Der Zwischenfall und der nachfolgende Disput befeuerten Sorgen vor einer Eskalation zwischen Washington und Moskau. Angesichts des russischen Angriffskrieges gegen die Ukraine ist die Lage besonders angespannt und die Angst groß, dass die beiden Großmächte USA und Russland in eine direkte militärische Konfrontation geraten könnten.

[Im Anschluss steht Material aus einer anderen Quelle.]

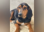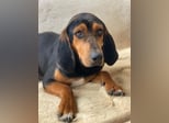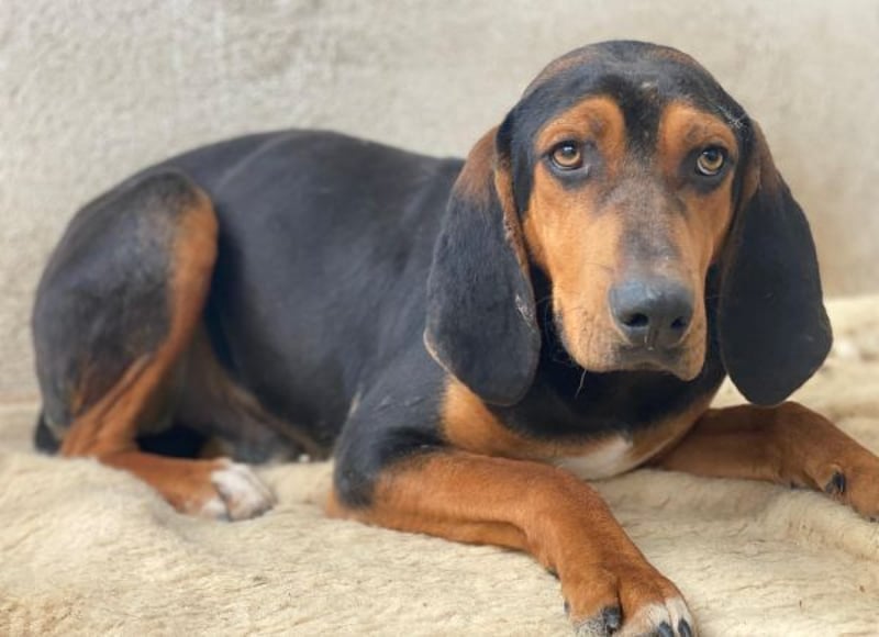 Brios ist ein hübscher Jagdhund-Mischling mit kurzem schwarzem Fell, das von braunen Zeichnungen im Gesicht und an den Beinen ergänzt wird. Sein Blick ist aufmerksam und ruhig; man merkt, dass er seine Umgebung zunächst genau beobachtet, bevor er sich öffnet.

Nach US-Angaben war die Drohne vom Typ MQ-9 am Dienstag im internationalen Luftraum über dem Schwarzen Meer unterwegs gewesen, als zwei russische Kampfjets ein Abfangmanöver begonnen. Dabei habe einer der Jets den Propeller der Drohne beschädigt. Die beiden Jets hätten sich 30 bis 40 Minuten in der Nähe der Drohne aufgehalten und bereits vor der Kollision Treibstoff über dieser abgelassen, auch seien sie mehrfach direkt vor ihr hergeflogen, erklärte das US-Militär.

Russlands Verteidigungsministerium dagegen wies jede Verantwortung für den Absturz von sich. „Die russischen Kampfflugzeuge haben keine Bordwaffen eingesetzt, sind nicht in Kontakt mit dem unbemannten Flugapparat geraten und kehrten sicher zu ihrem Heimatflughafen zurück“, hieß es in einer von der Staatsagentur Tass verbreiteten Mitteilung. Jets vom Typ Su-27 der Luftwaffe seien aufgestiegen, um einen unbekannten Eindringling über dem Schwarzen Meer zu identifizieren. Der Bordfunk sei ausgeschaltet gewesen und die Drohne habe Kurs auf Russlands Grenze genommen, hieß es. Bei einem scharfen Ausweichmanöver habe sie rapide an Höhe verloren und sei abgestürzt.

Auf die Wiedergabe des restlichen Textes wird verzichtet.